Load when the task type matches:

| Task type | Load |
|-----------|------|
| Understanding Level 0-3 criteria | `references/quality-rubric.md` |
| Creating new reference files | `references/reference-file-template.md` |
| Decomposing bloated components | Run `python3 scripts/detect-decomposition-targets.py --skill {name}` first |

---

## Reference Loading Table

| Signal | Load These Files | Why |
|---|---|---|
| tasks related to this reference | `quality-rubric.md` | Loads detailed guidance from `quality-rubric.md`. |
| tasks related to this reference | `reference-file-template.md` | Loads detailed guidance from `reference-file-template.md`. |

## Error Handling

**Gap analyzer fails**: The component may not exist in expected paths. Check both `agents/` and
`skills/` directories, and `~/.claude/agents/` for deployed copies.

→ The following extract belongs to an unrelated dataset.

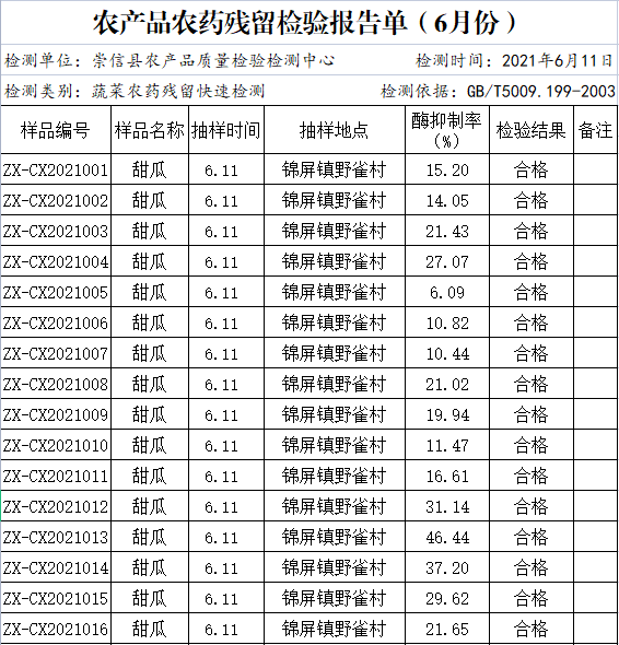 2021年6月份农产品农药残留检验报告单(第8期) 发文日期:2021-06-17 00:00 来源:崇信部门信息公开 作者:崇信农牧局 编辑:崇信农牧局 扫一扫在手机打开当前页 上一篇: 崇信县农产品农药残留检验报告 下一篇: 2021年6月份崇信县蔬菜质量检测结果通报(第8期)

**Phase 2 gate fails** (fewer than 10 concrete findings): The domain may be too narrow or already
well-documented upstream. Flag and suggest manual enrichment with project-specific production
incidents rather than generic docs research.

**Phase 4 Tier 1 still below Level 3 after compile**: The files are too short or too generic. Read one
file, apply the rubric directly, identify the weakest section, and target Phase 2 research at
that section specifically.

**validate-references.py not found**: Script may not exist for this component. Skip that check,
proceed with `audit-reference-depth.py` as the sole Tier 1 gate.

**Decomposition validation fails**: Content was lost during extraction. Restore from the
snapshot at `/tmp/decomp-before-{name}.md`. Check that each extracted content block appears
in a reference file. Common cause: a code block was partially extracted or a table was split
across the body and a reference file.